張良點頭,“如此可以!節日的氛圍,可以沖淡很多東西,比如一年的疾苦,一年的不快,迎接新的希望,節日氣氛越濃郁,大家就會越高興,對明年就越有希望。”
扶蘇掏出一份缣帛,将東西遞給張良,“這是需要準備的東西,也要給渾懷障準備一份,讓人送往渾懷障。若是沒有的,就派人生産,這幾日就要做好,不能耽誤過節。”

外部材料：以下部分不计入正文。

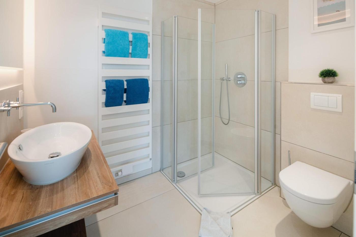 Apartment mit Balkon. This spacious apartment comes with a kitchen, a seating area, 2 separate bedrooms and 2 bathrooms with a shower and a hairdryer. The fully equipped kitchen features a stovetop, a refrigerator, a dishwasher and kitchenware. This apartment has a washing machine, a coffee machine, a TV with cable channels and a balcony. The unit has 2 beds.

“明白!”張良看了看上面的内容,覺得這些東西都不難,可以很快制作出來,同時也能給百姓創造出來一些收入。
幾個人商量完畢,趙驚鴻表示,要去醫館看一看。
扶蘇和張良想要一同前往,卻被趙驚鴻給拒絕了,“我跟無名去就可以。”
随後,趙驚鴻和百裏無名離開郡守府,在蓋聶的跟随下,來到了醫館。
醫館内,一名年輕的醫者,正在給病人診病,看到百裏無名,笑着打招呼,“小無名來了。”
“嗯!我找老爺爺。”百裏無名道。
“在後院曬藥材呢。”醫者道。
百裏無名緻謝以後,帶着趙驚鴻和蓋聶走向後院。
百裏無名對這裏已經很熟悉了,輕車熟路地走向後院。
來到後院,趙驚鴻就看到了一名動作靈活的老者,正在麻溜地曬着藥材,可以同時舉着兩個托盤,将藥材輕而易舉地放在支架上。
這靈活的動作,哪像是一個老者啊。
“老爺爺!”百裏無名喊了一聲。
老者回過身來,就看到了蓋聶和趙驚鴻。
當即,老者的面色就沉了下來。
“夏神醫!”蓋聶恭敬地行禮。
老者蹙眉,“蓋聶,你怎麽找到這裏來了?”
“我是跟驚鴻公子一起來的。”蓋聶道。
“驚鴻公子?”夏無且盯着趙驚鴻,“你什麽時候成公子了?”
趙驚鴻無奈攤手,“我說了不讓他這麽喊,他非要這麽喊,我一介流民,又非公卿之子,哪擔得起這麽稱呼。”
夏無且一陣沉默。
“老先生,聽聞您是俠醫的師父,醫術精湛?”趙驚鴻問。
夏無且擺了擺手,“就是一普通醫者,你把手伸出來,我給你把把脈。”
趙驚鴻伸出手來,遞給夏無且。
夏無且一隻手托着趙驚鴻的手腕,一隻手搭在趙驚鴻的脈搏上。
好一陣,夏無且對趙驚鴻道:“轉過去。”
趙驚鴻轉過身去,背對着夏無且。
夏無且撥開趙驚鴻的頭發,看了看趙驚鴻後腦的傷疤,“沒死已經是萬幸了。”
趙驚鴻驚訝,“這麽久了,您還能看出來?”
夏無且淡淡道:“已發生者,皆有迹可循。”
趙驚鴻點頭,“那我這沒事吧?”
“有些淤血,你有很多事情,記不清楚了吧?”夏無且問。
趙驚鴻驚訝,“老爺子您真是神醫啊!我大概記得小時候一些事情,還隐約記得我家在哪,但是其他很多事情,都記不太清楚了。”
夏無且點頭,“你頭部受過重創,沒死已經是萬幸,腦部有淤血,聚而不散,輕則影響記憶,重則會陷入昏迷,嚴重者會導緻死亡!”